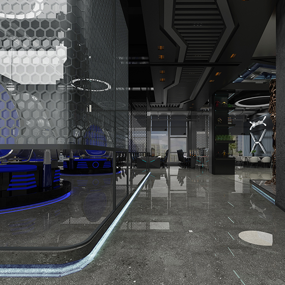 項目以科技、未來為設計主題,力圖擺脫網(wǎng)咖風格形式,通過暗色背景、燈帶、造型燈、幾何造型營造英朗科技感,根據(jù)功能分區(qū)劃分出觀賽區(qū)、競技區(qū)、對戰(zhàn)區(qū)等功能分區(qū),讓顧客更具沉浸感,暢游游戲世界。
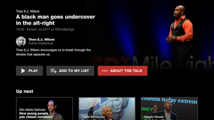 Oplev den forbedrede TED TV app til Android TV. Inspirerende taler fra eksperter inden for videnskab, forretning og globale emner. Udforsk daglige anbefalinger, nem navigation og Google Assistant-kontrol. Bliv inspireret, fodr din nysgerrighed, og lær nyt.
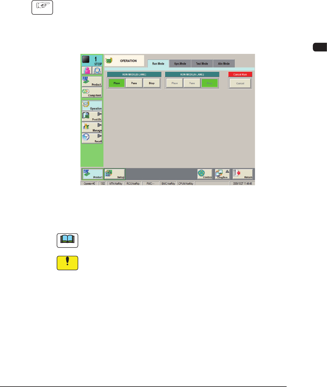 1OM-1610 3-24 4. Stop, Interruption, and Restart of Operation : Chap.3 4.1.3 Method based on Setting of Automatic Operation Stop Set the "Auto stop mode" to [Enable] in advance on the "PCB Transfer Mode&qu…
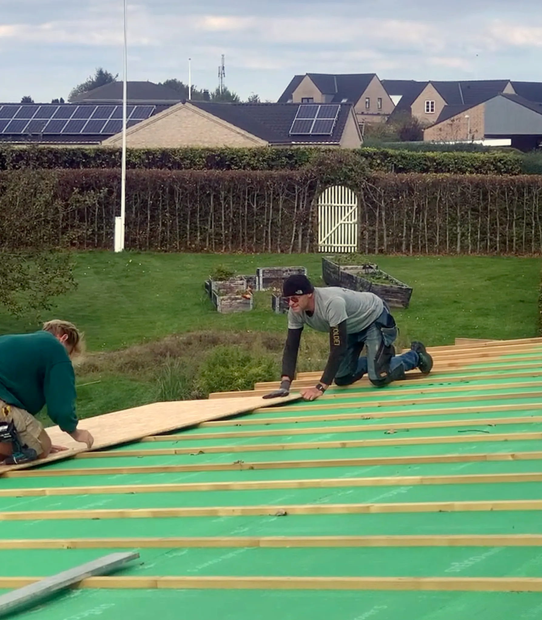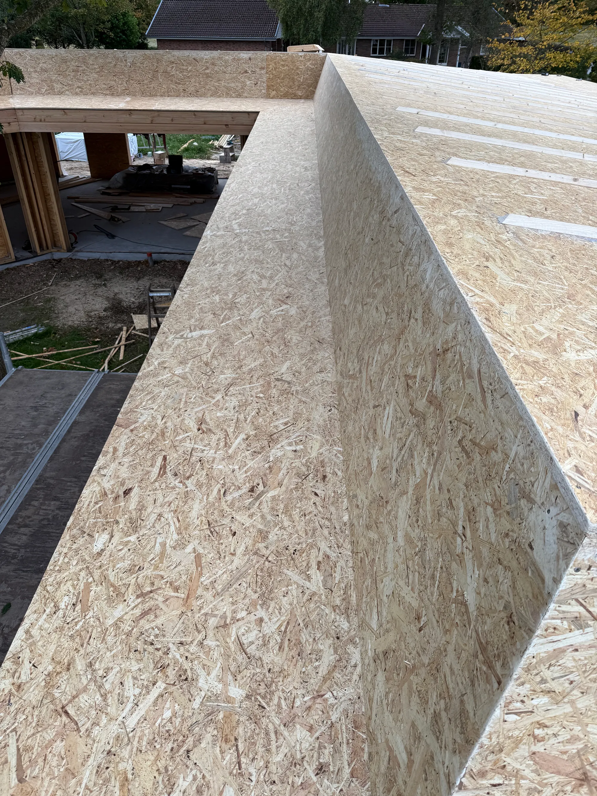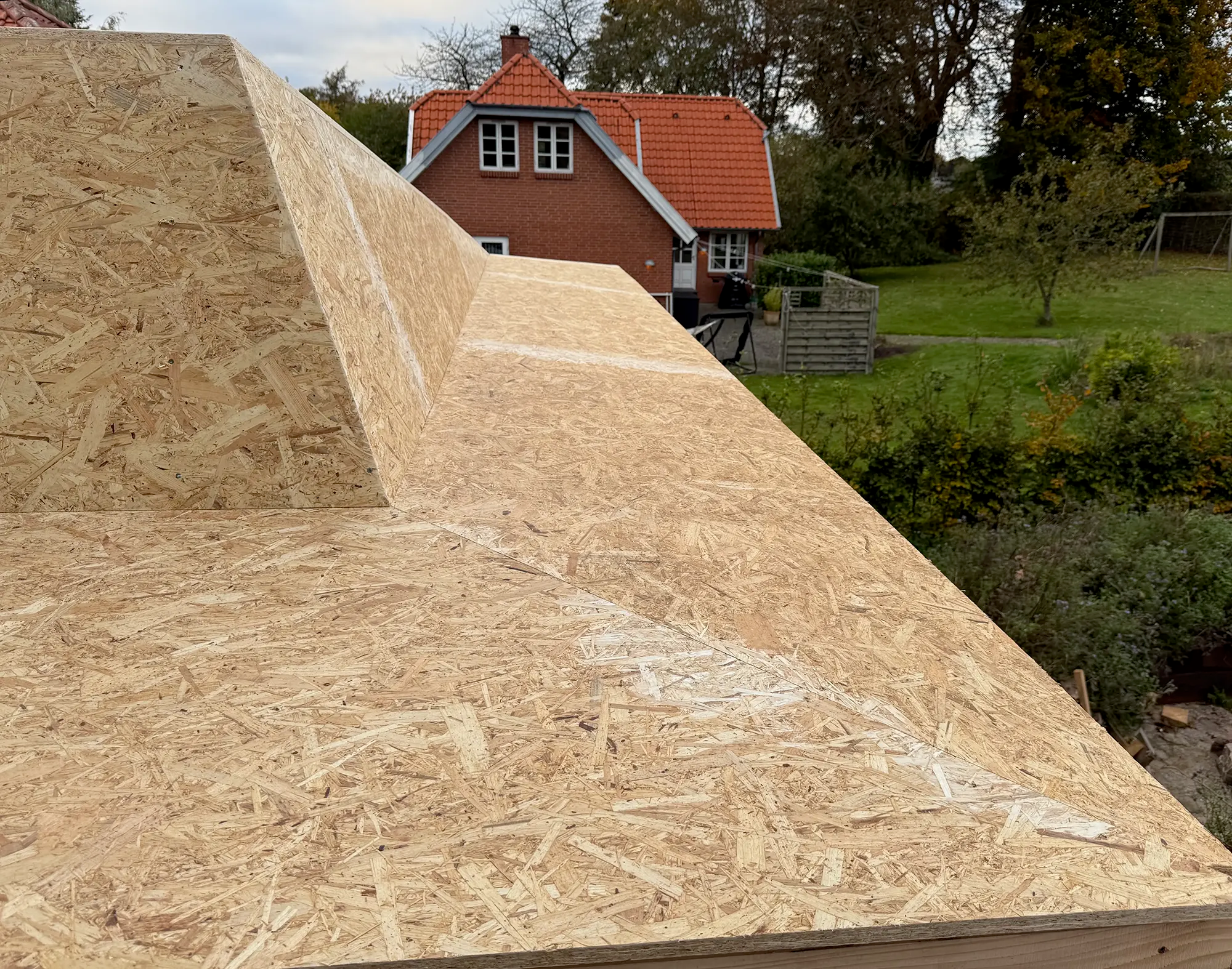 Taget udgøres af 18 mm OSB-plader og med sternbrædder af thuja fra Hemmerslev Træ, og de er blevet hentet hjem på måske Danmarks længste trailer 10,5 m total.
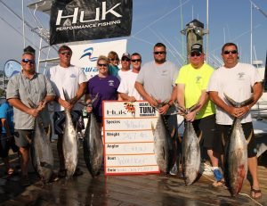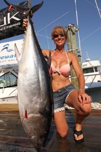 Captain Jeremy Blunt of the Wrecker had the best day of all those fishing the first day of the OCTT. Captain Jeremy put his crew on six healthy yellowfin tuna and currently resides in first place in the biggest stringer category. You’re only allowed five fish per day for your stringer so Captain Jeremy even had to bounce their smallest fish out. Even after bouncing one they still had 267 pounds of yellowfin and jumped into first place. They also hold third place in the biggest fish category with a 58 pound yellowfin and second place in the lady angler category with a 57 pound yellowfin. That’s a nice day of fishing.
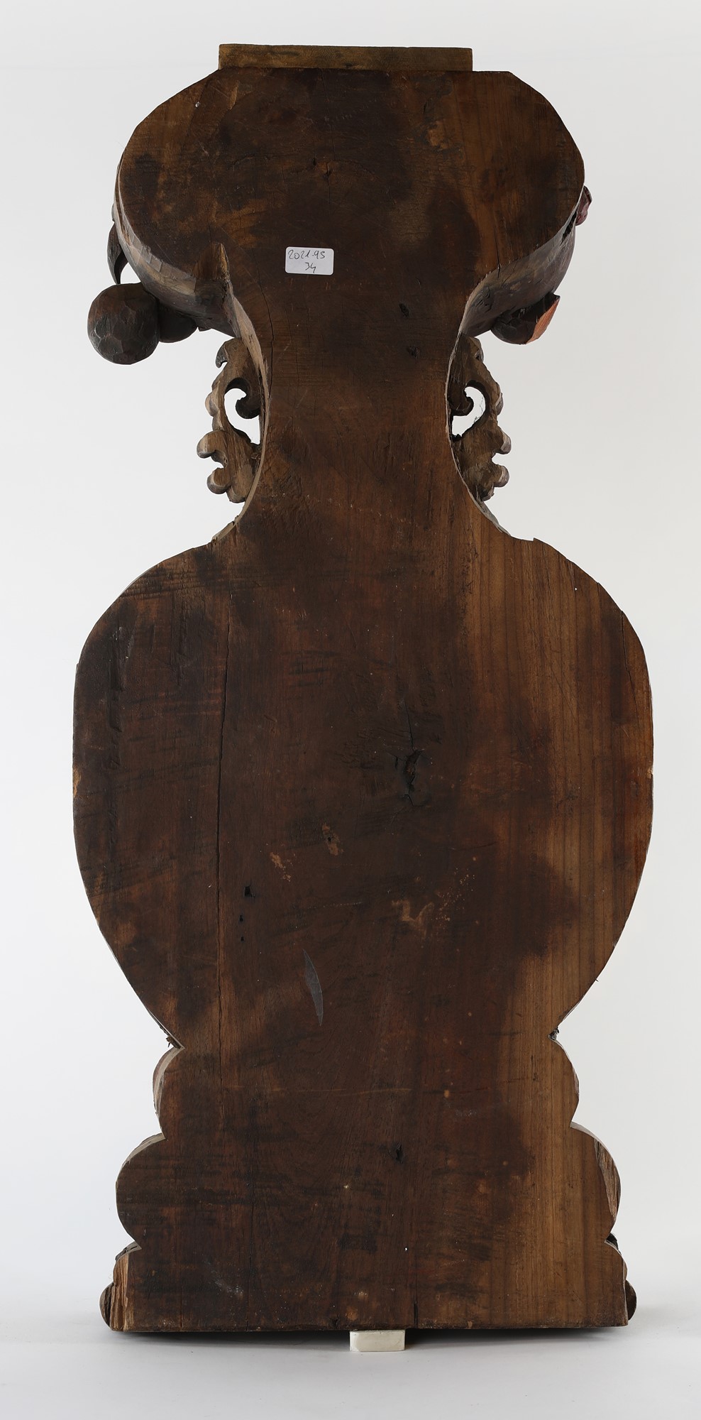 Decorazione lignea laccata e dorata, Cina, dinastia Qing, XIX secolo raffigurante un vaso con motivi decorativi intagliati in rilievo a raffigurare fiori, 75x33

==

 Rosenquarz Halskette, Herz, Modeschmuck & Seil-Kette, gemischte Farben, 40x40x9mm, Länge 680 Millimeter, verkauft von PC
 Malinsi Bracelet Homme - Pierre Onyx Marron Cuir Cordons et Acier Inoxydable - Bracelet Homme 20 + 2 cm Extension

Your objective:
Both the line containing "項目以科技、未來為設計主題,力圖擺脫網(wǎng)咖風格" and the line containing "Taget udgøres af" above belong in the output, as do the lines between them. Print them exactly, without pictures.

Result:
 項目以科技、未來為設計主題,力圖擺脫網(wǎng)咖風格形式,通過暗色背景、燈帶、造型燈、幾何造型營造英朗科技感,根據(jù)功能分區(qū)劃分出觀賽區(qū)、競技區(qū)、對戰(zhàn)區(qū)等功能分區(qū),讓顧客更具沉浸感,暢游游戲世界。
 Oplev den forbedrede TED TV app til Android TV. Inspirerende taler fra eksperter inden for videnskab, forretning og globale emner. Udforsk daglige anbefalinger, nem navigation og Google Assistant-kontrol. Bliv inspireret, fodr din nysgerrighed, og lær nyt.
 1OM-1610 3-24 4. Stop, Interruption, and Restart of Operation : Chap.3 4.1.3 Method based on Setting of Automatic Operation Stop Set the "Auto stop mode" to [Enable] in advance on the "PCB Transfer Mode&qu…
 Taget udgøres af 18 mm OSB-plader og med sternbrædder af thuja fra Hemmerslev Træ, og de er blevet hentet hjem på måske Danmarks længste trailer 10,5 m total.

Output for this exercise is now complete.